Relief is in sight for hard-pressed British households, with figures next week expected to show that wages are on the verge of growing faster than prices for the first time in almost two years.
(Bloomberg) — Relief is in sight for hard-pressed British households, with figures next week expected to show that wages are on the verge of growing faster than prices for the first time in almost two years.
Average earnings excluding bonuses rose 7.3% in the year through June, only slightly less than the 7.9% rate of consumer-price inflation, Bloomberg Economics predicts ahead of official labor market data due to be published on Aug. 15.
Data a day later are forecast by the Bank of England to show a further fall in inflation to 6.8% in July after the energy regulator cut the maximum amount households pay for gas and electricity. That sets the scene for wage growth to outpace inflation for the first time since September 2021 as scarce workers continue to bid up salaries.

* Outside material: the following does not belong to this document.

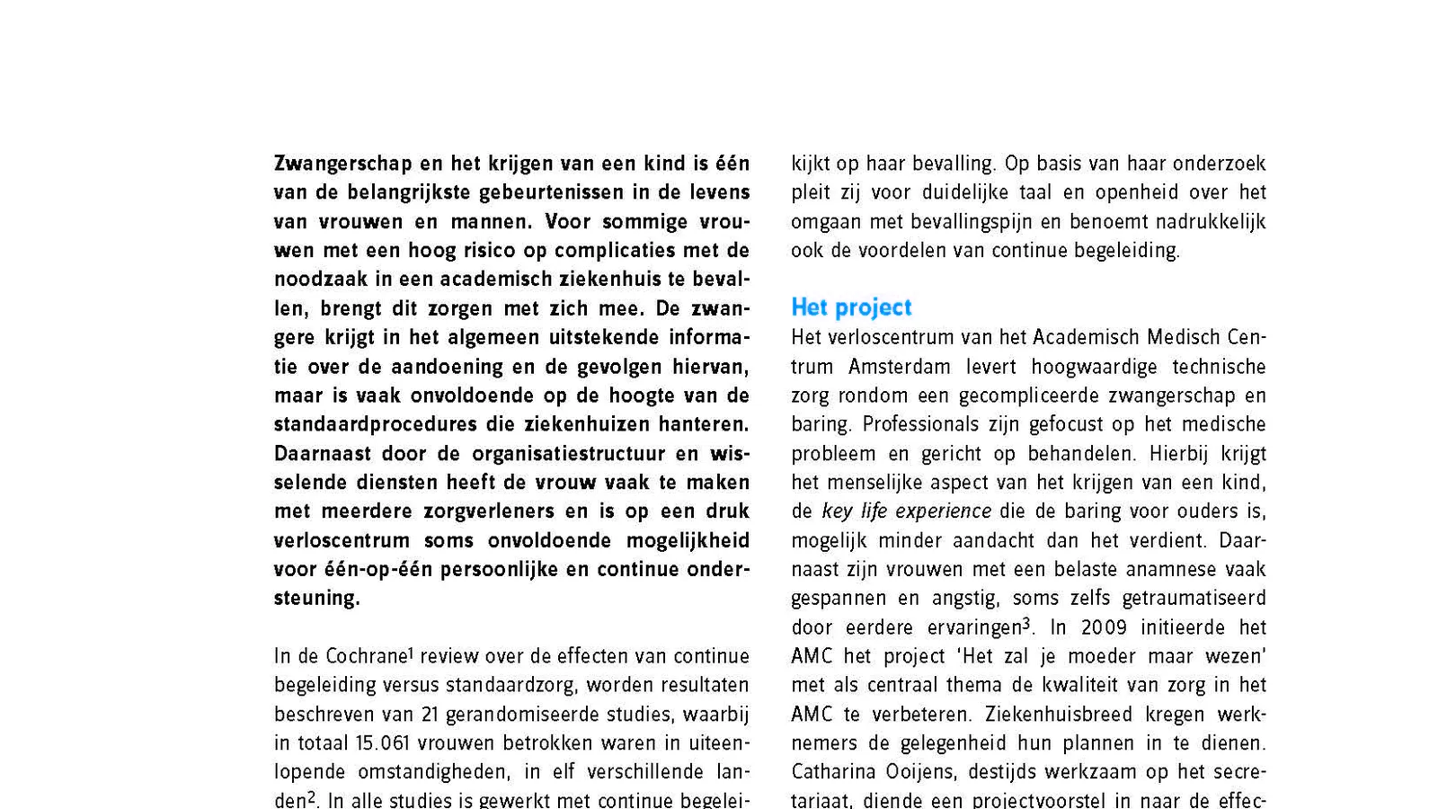 In november 2015 is er een mooi artikel gepubliceerd in het NTOG door en over doula Catharina Ooijens en haar werk in het AMC. mede auteurs zijn: dr. J.J.H. Bakker (klinisch verloskundige) en dr. I.M. de Graaf (gynaecoloog) allen werkzaam in het AMC in 2015.
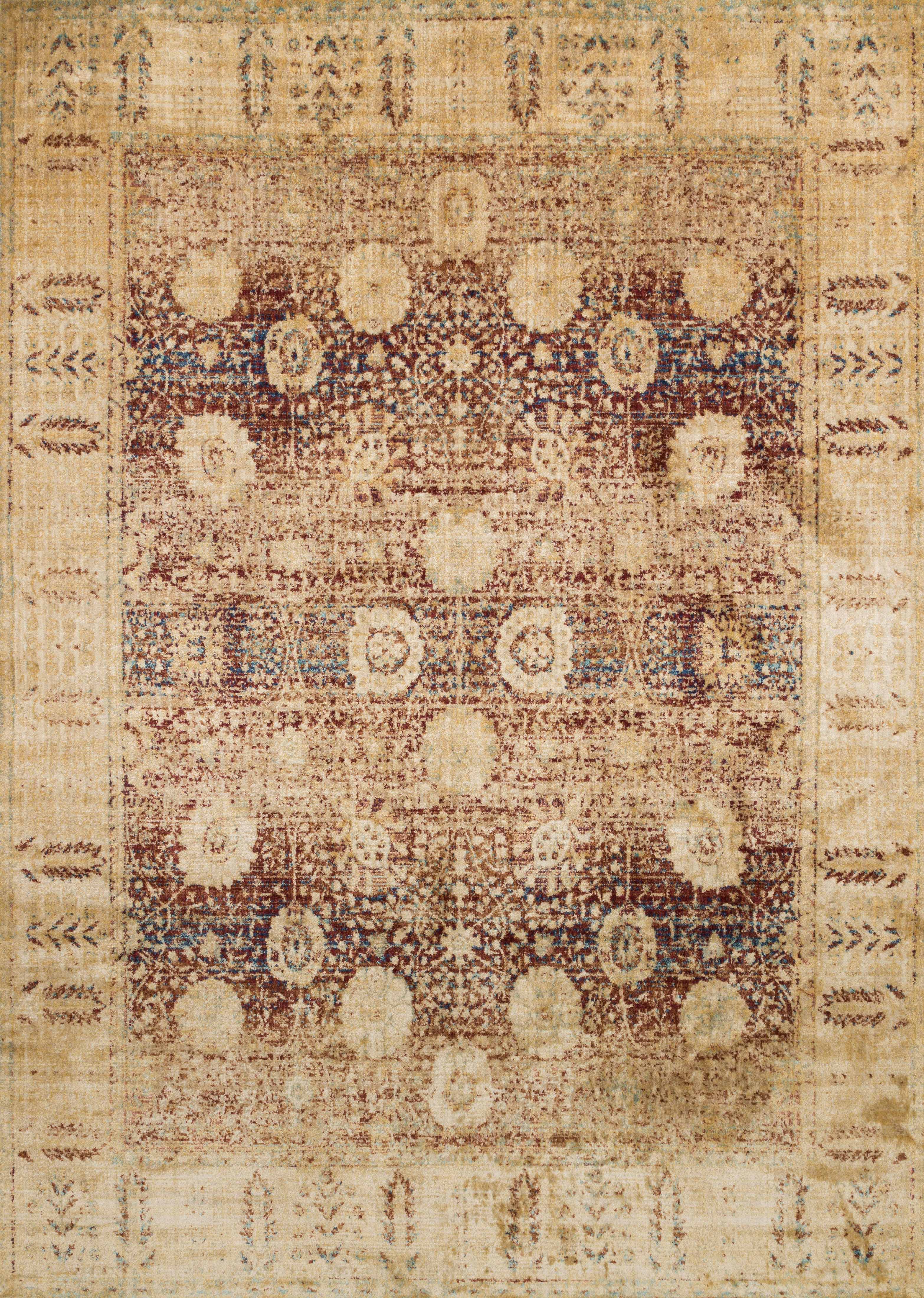 Ornate traditionals distressed and full of character are modernized by illuminating color-ways in this collection

That moment will be celebrated by Rishi Sunak’s Conservative government, which needs some good economic news after months of rising mortgage rates and crippling public-sector strikes. The prime minister has staked his reputation on restoring lost spending power as he tries to overcome the Labour opposition’s formidable lead in opinion polls.
With energy prices set to fall further in October, inflation is now on course to end the year at 4.9%, forecasts show. That will allow Sunak to deliver his pledge to cut inflation in half this year.
With a general election expected to be held late next year, Sunak has little time to turn things around. The worst bout of inflation in decades has seen real wages drop by around 4% over the past two years.
While economists now expect a steady recovery, living standards may be no higher in 2026 than they were in early 2022 — before Russia’s invasion of Ukraine sent energy prices skyrocketing.
The risk that the recovery could be derailed was underlined on Wednesday, when European natural gas futures jumped as much as 40% amid renewed jitters over potential supply disruptions.
For many, any benefits from the return of real wage growth are likely to swallowed up by more expensive home loans and rents. It could nonetheless make life more difficult for the BOE, which has delivered 14 consecutive rate increases in its battle to get inflation back to the 2% target.
What Bloomberg Economics Says…
“If nominal pay growth overtakes inflation in the second half of the year, as we expect, it’ll be important to remember the context – real wages are still well below the levels that prevailed prior to the recent surge in prices. From the Bank of England’s perspective, the hope will be that greater spending power doesn’t come hand-in-hand with a big pick-up in consumer spending. If it does, any hopes that the hiking cycle is nearly over would be dashed.”
—Dan Hanson, senior UK economist
Kicking off the major data cycle for August, the Office for National Statistics will tomorrow publish its preliminary estimate of gross domestic product for the second quarter.
According to Hanson and Ana Andrade of Bloomberg Economics, the signs point to stagnation rather than the 0.1% forecast by the BOE last week. June alone is expected to register modest growth after May was hit by an extra public holiday for the coronation King Charles III.
The medium-term forecasts make the task of improving living standards difficult for Sunak, as higher interest rates and weak productivity growth act as drag on the economy.
The BOE expects the economy to fully recover its pre-pandemic size in the third quarter — among the last major industrialized economies to do so — and then stagnate. Bloomberg Economics is more pessimistic, predicting a yearlong albeit mild recession starting at the end of 2023 that will keep GDP below 2019 levels until 2026.